Pour Alan, technicien qualité chez CHH, c’est une première. «Je suis derrière un ordinateur toute la journée, donc découvrir la matière, manipuler les outils et les pièces, c’est nouveau pour moi.» C’est Unia qui a distribué des flyers à la sortie de l’entreprise pour informer le personnel de l’existence de cette formation. «Cette expérience technique et pratique pourra m’aider dans mon travail de contrôle de la conformité et de la qualité des pièces. Jusque-là, je n’avais pas la notion de l’homogénéité ou de la régularité d’un angle. Maintenant, je vais être plus pointilleux!»

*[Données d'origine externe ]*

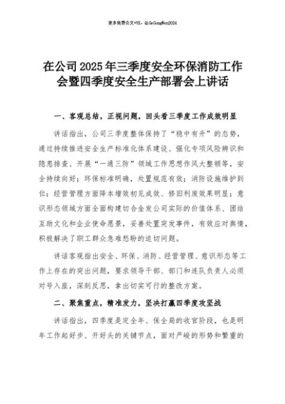 【七哥公文】2025年:在公司2025年三季度安全环保消防工作会暨四季度安全生产部署会上讲话+更多免费公文+VX:QiGeGongWen2024
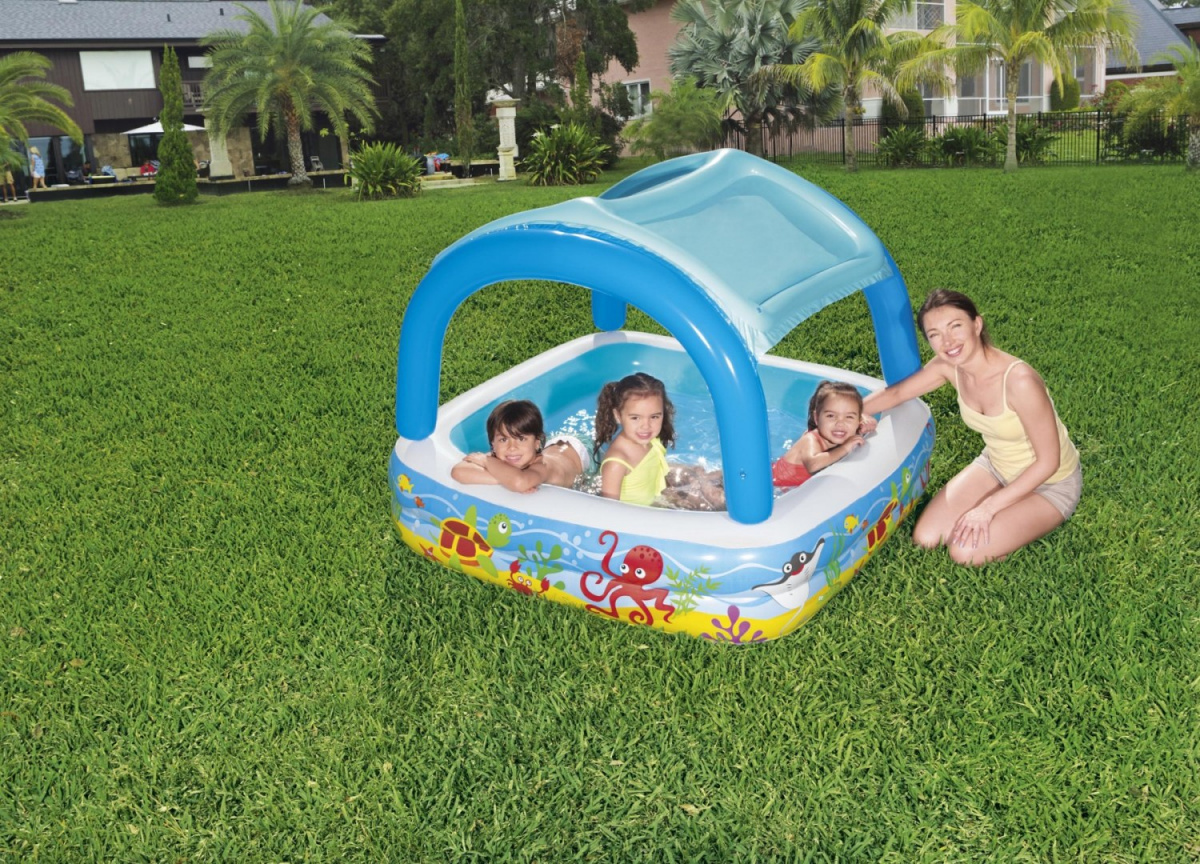 | - bazén - stříška - opravná záplata, - barevná krabička. |

Elisabete et Pauline sont toutes deux opératrices CNC: elles travaillent sur des machines, comme des contre-perceuses ou des crevoisiers, qui produisent des pièces d’usinage. «Je travaille chez Breguet depuis vingt ans et je n’ai jamais eu l’opportunité de me former à la décoration, donc quand un collègue m’en a parlé, j’ai sauté sur l’occasion. Ça me plaît énormément. Mon travail actuel n’est pas du tout manuel et je trouve intéressant de pouvoir voir autre chose, aller plus loin, évoluer et peut-être changer de poste un jour pour mettre ça en pratique.» Pauline a aussi soif d’apprendre: «J’adore mon métier et je suis curieuse de découvrir les autres étapes de production. Je fais un petit peu de décoration, mais ce n’est pas aussi manuel. Cette formation m’a permis de voir si la discipline pouvait me plaire et si j’en étais capable, je remercie donc Unia pour cette belle opportunité!»